EXERCISE> Would you print out all of the data exactly and keep the pictures out of it?

INFORMATION SUPPLIED>
Content starts

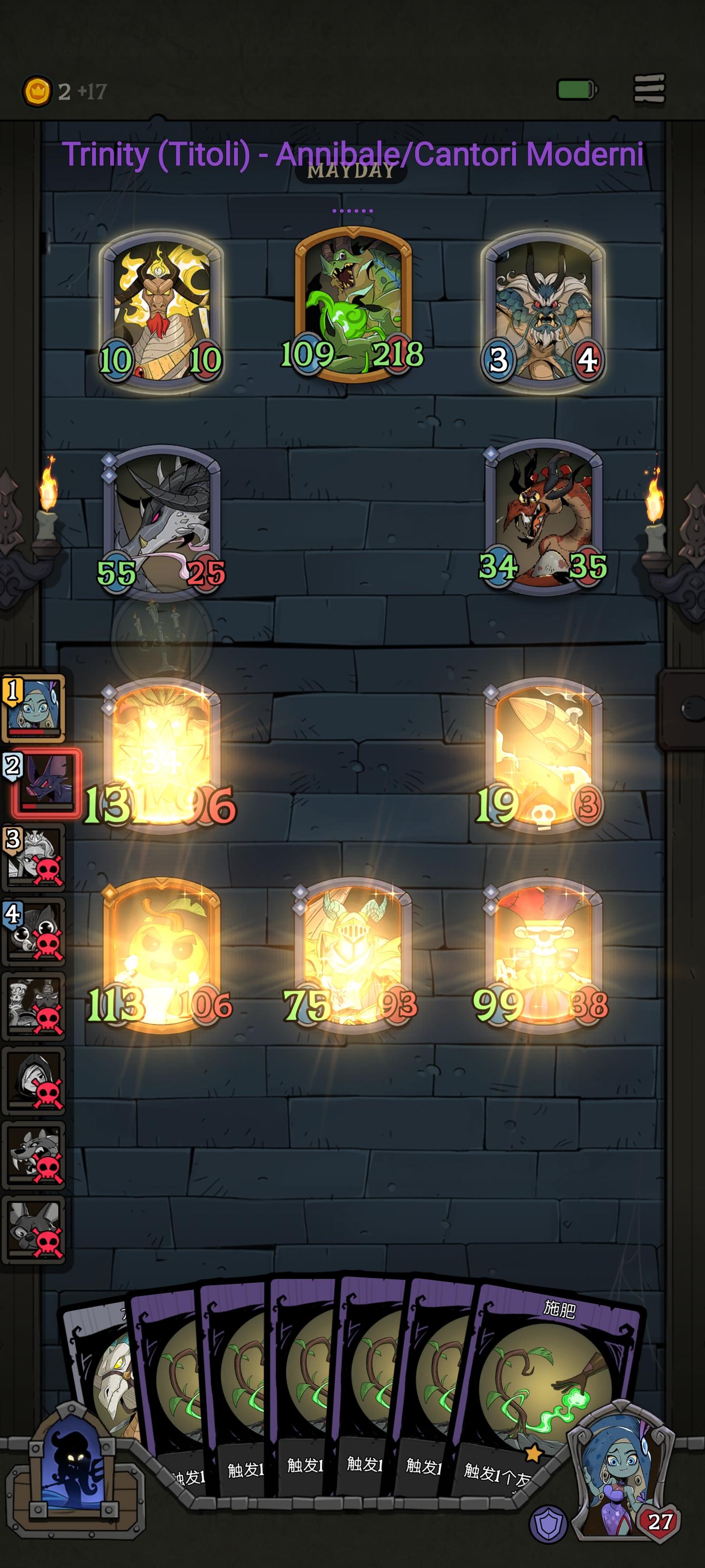后面五星用劵才拿到龙骑士,然后刷到镜子拿到金色施肥,又拿了小丑,还有个飞艇加遗言+1触发,一回合十几张施肥
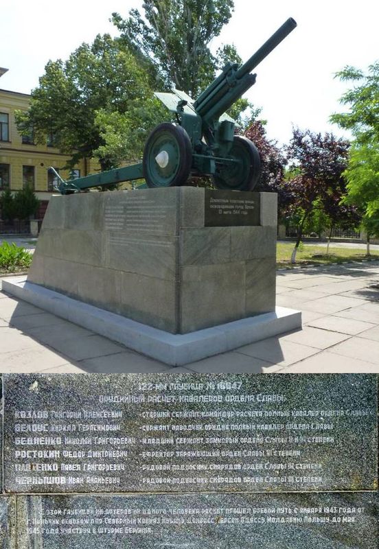 Орудие Г.А.Козлова установлено перед краеведческим музеем в городе Херсон (Украина).
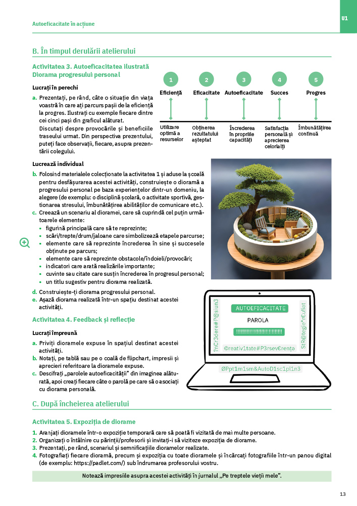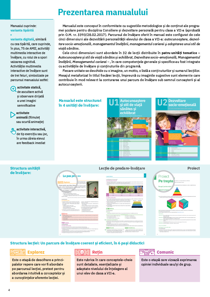 Cele patru unități, cu titluri sugestive pentru conținutul abordat, cuprind lecții numerotate ascendent și în simbioză tematică. Se asigură astfel un traseu de învățare coerent, care ne dorim să provoace curiozitatea și interesul elevilor pentru o învățare cu sens, bazată pe achiziții necesare unei transformări durabile și unei dezvoltări armonioase. Toate unitățile se finalizează cu o secvență de (auto)evaluare, construită într-un mod prietenos, astfel încât să fie conștientizate etapele parcurse și transformările survenite. Fiecare lecție are un titlu sugestiv, fiind construită din secvențe bine definite, care se vor desfășura în clasă. Activitățile propuse în lecții vizează lucrul individual, în perechi și în grup, asigurându-se un traseu de învățare care contribuie, în mod progresiv, atât la dezvoltarea autonomiei, cât și a cooperării în învățare. Metodele complementare de evaluare utilizate în acest manual sunt: portofoliul (în format letric și/sau electronic), proiectul, atelierul, observarea sistematică a activității și a comportamentului elevilor (prin liste de control, fișe de observare, scări de apreciere/verificare, chestionare, cum ar fi, de exemplu, la paginile 17, 21, 35, 36, 41, 49, 60, 64, 88, 92), investigația, autoevaluarea.

Content ends

RESULT>
后面五星用劵才拿到龙骑士,然后刷到镜子拿到金色施肥,又拿了小丑,还有个飞艇加遗言+1触发,一回合十几张施肥
 Орудие Г.А.Козлова установлено перед краеведческим музеем в городе Херсон (Украина).
 Cele patru unități, cu titluri sugestive pentru conținutul abordat, cuprind lecții numerotate ascendent și în simbioză tematică. Se asigură astfel un traseu de învățare coerent, care ne dorim să provoace curiozitatea și interesul elevilor pentru o învățare cu sens, bazată pe achiziții necesare unei transformări durabile și unei dezvoltări armonioase. Toate unitățile se finalizează cu o secvență de (auto)evaluare, construită într-un mod prietenos, astfel încât să fie conștientizate etapele parcurse și transformările survenite. Fiecare lecție are un titlu sugestiv, fiind construită din secvențe bine definite, care se vor desfășura în clasă. Activitățile propuse în lecții vizează lucrul individual, în perechi și în grup, asigurându-se un traseu de învățare care contribuie, în mod progresiv, atât la dezvoltarea autonomiei, cât și a cooperării în învățare. Metodele complementare de evaluare utilizate în acest manual sunt: portofoliul (în format letric și/sau electronic), proiectul, atelierul, observarea sistematică a activității și a comportamentului elevilor (prin liste de control, fișe de observare, scări de apreciere/verificare, chestionare, cum ar fi, de exemplu, la paginile 17, 21, 35, 36, 41, 49, 60, 64, 88, 92), investigația, autoevaluarea.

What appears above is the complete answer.